■ **SUPPLIED MATERIAL**
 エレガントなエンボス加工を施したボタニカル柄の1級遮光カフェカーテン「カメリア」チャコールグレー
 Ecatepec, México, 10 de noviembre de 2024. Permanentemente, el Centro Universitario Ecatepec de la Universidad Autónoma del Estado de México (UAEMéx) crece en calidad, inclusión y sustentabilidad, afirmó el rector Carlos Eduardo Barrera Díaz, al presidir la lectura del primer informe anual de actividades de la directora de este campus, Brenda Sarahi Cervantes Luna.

---

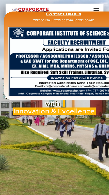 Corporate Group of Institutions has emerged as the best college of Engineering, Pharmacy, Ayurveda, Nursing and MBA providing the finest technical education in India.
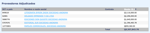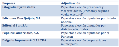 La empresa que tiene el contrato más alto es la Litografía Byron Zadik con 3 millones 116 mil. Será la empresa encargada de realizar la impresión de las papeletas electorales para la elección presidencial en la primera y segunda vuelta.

■ **EXERCISE**
Of the entries above, repeat exactly the lines from the line with "エレガントなエンボス加工を施" through the line with "Ecatepec, México, 10", both of them included.

■ **THE ANSWER**
 エレガントなエンボス加工を施したボタニカル柄の1級遮光カフェカーテン「カメリア」チャコールグレー
 Ecatepec, México, 10 de noviembre de 2024. Permanentemente, el Centro Universitario Ecatepec de la Universidad Autónoma del Estado de México (UAEMéx) crece en calidad, inclusión y sustentabilidad, afirmó el rector Carlos Eduardo Barrera Díaz, al presidir la lectura del primer informe anual de actividades de la directora de este campus, Brenda Sarahi Cervantes Luna.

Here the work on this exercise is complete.